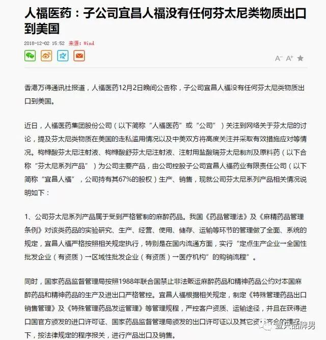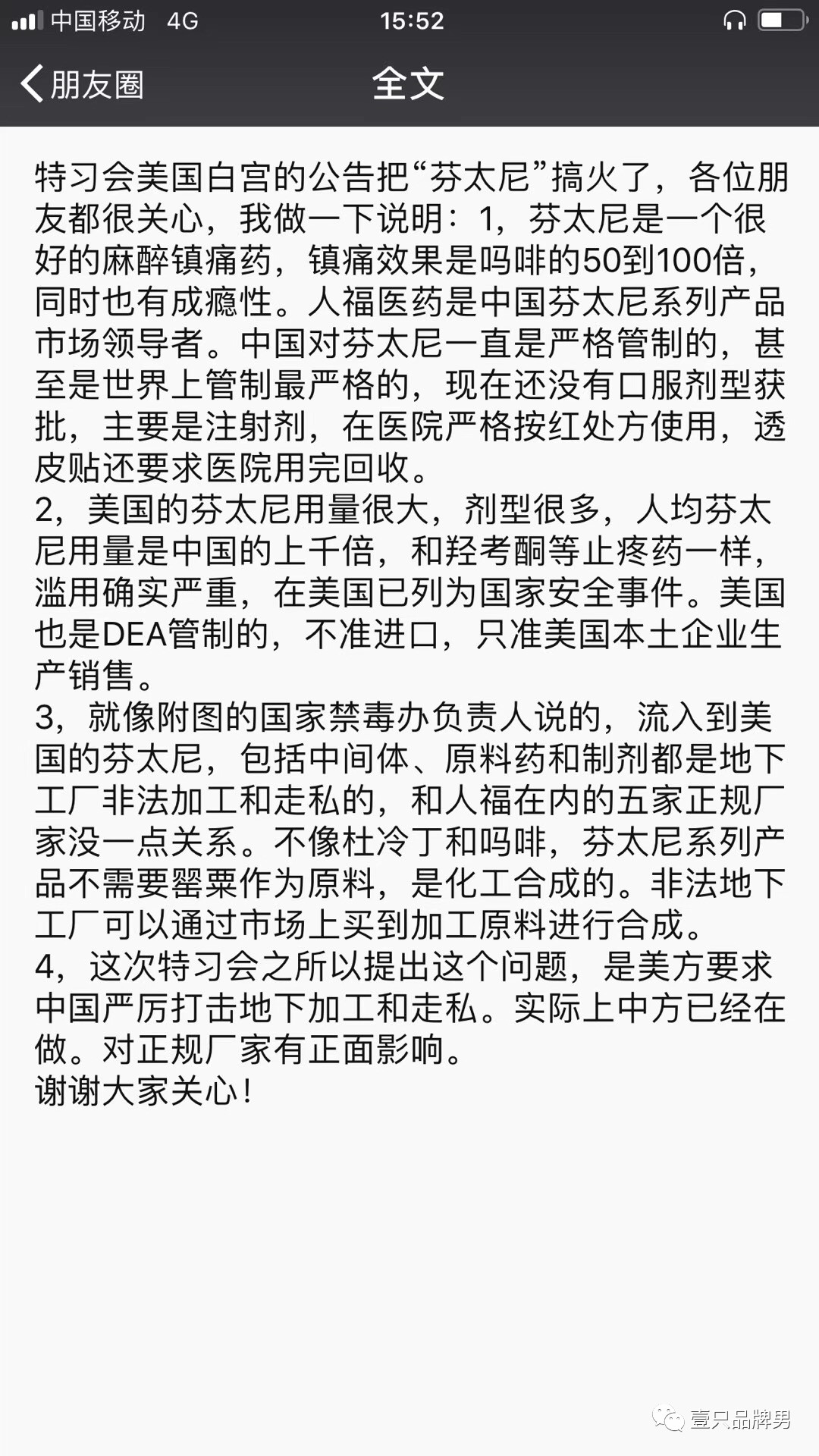 今天,陷入新闻事件中的“芬太尼概念股”人福医药的董事长王学海,也在朋友圈以留言的方式对此做出了回复:
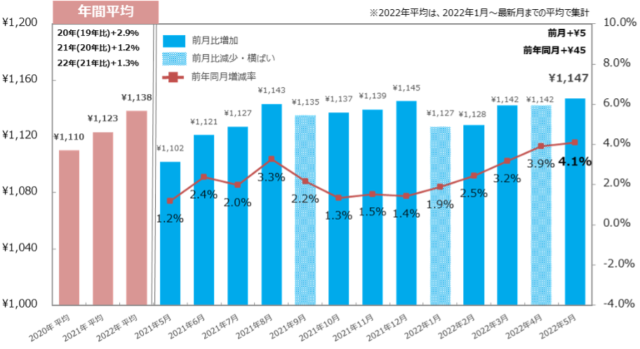 22年5月の全国平均時給は1,147円で、前月比・前年同月比ともに増加。21年5月以降、平均1,100円以上で推移しており、調査を開始した20年1月以降、過去最高額を更新した。【図1】
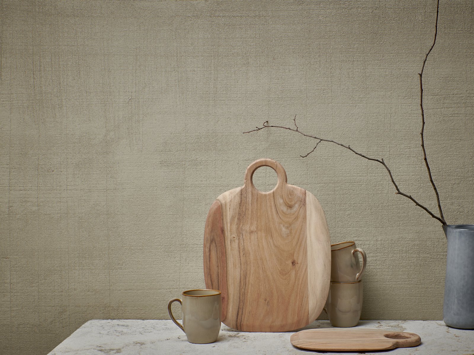 Su composición rica en minerales y su textura rugosa evocan la sensación de la tierra tallada — duradera, táctil y de belleza atemporal.
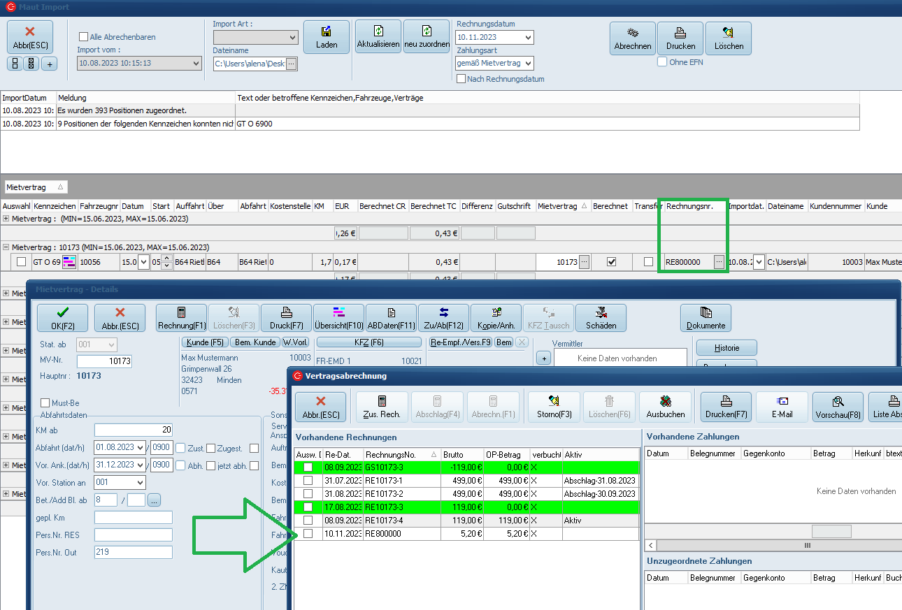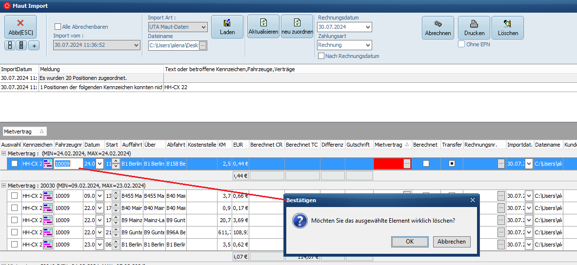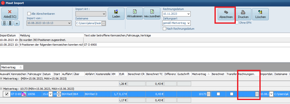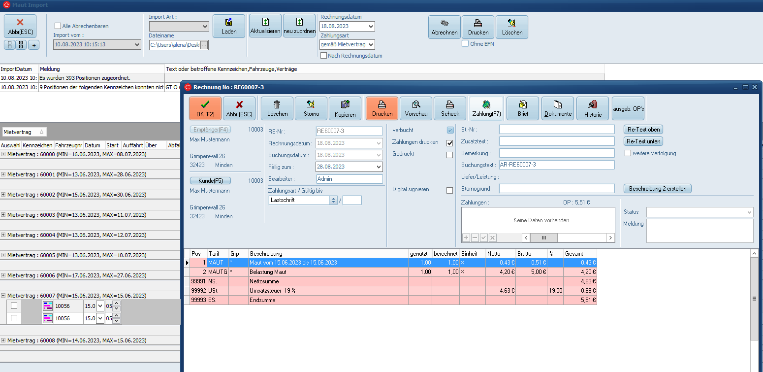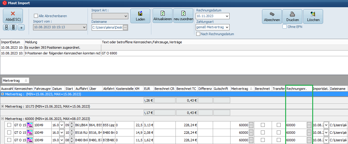 Alternativ kann die Maut auch in den Mietvertrag übertragen werden. Die Abrechnung erfolgt dann über die Rechnung im Mietvertrag und nicht in einer gesonderten Rechnung über den Lauf. Lesen Sie wie gewohnt die Mautdatei ein, so dass die Mietverträge den Vorgängen zugeordnet werden. (Der Vorgang darf natürlich noch nicht abgerechnet worden sein.)
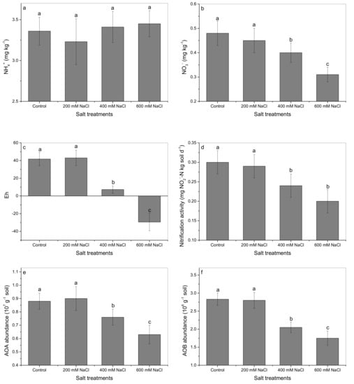The effects of salt on N dynamics in soils were illustrated in Figure 4. Soil NH4+ appears to exhibit no significant differences among the various salt treatments (Figure 4a). The concentrations of NO3−, however, were found to be influenced by salt. When compared to controls, lower concentrations of of NO3− were detected in the soils under salt treatments, especially in the higher salt treatments (400 and 600 mM NaCl) (Figure 4b). Similarly, the significant reductions in soil Eh, nitrification, AOA and AOB gene copies induced by salt (e.g., 400 and 600 mM NaCl) were also observed (Figure 4c–f).

### Assigned task
Go through the entries and retype each one exactly, skipping any image.

### Answer to the exercise
 今天,陷入新闻事件中的“芬太尼概念股”人福医药的董事长王学海,也在朋友圈以留言的方式对此做出了回复:
 22年5月の全国平均時給は1,147円で、前月比・前年同月比ともに増加。21年5月以降、平均1,100円以上で推移しており、調査を開始した20年1月以降、過去最高額を更新した。【図1】
 Su composición rica en minerales y su textura rugosa evocan la sensación de la tierra tallada — duradera, táctil y de belleza atemporal.
 Alternativ kann die Maut auch in den Mietvertrag übertragen werden. Die Abrechnung erfolgt dann über die Rechnung im Mietvertrag und nicht in einer gesonderten Rechnung über den Lauf. Lesen Sie wie gewohnt die Mautdatei ein, so dass die Mietverträge den Vorgängen zugeordnet werden. (Der Vorgang darf natürlich noch nicht abgerechnet worden sein.)
The effects of salt on N dynamics in soils were illustrated in Figure 4. Soil NH4+ appears to exhibit no significant differences among the various salt treatments (Figure 4a). The concentrations of NO3−, however, were found to be influenced by salt. When compared to controls, lower concentrations of of NO3− were detected in the soils under salt treatments, especially in the higher salt treatments (400 and 600 mM NaCl) (Figure 4b). Similarly, the significant reductions in soil Eh, nitrification, AOA and AOB gene copies induced by salt (e.g., 400 and 600 mM NaCl) were also observed (Figure 4c–f).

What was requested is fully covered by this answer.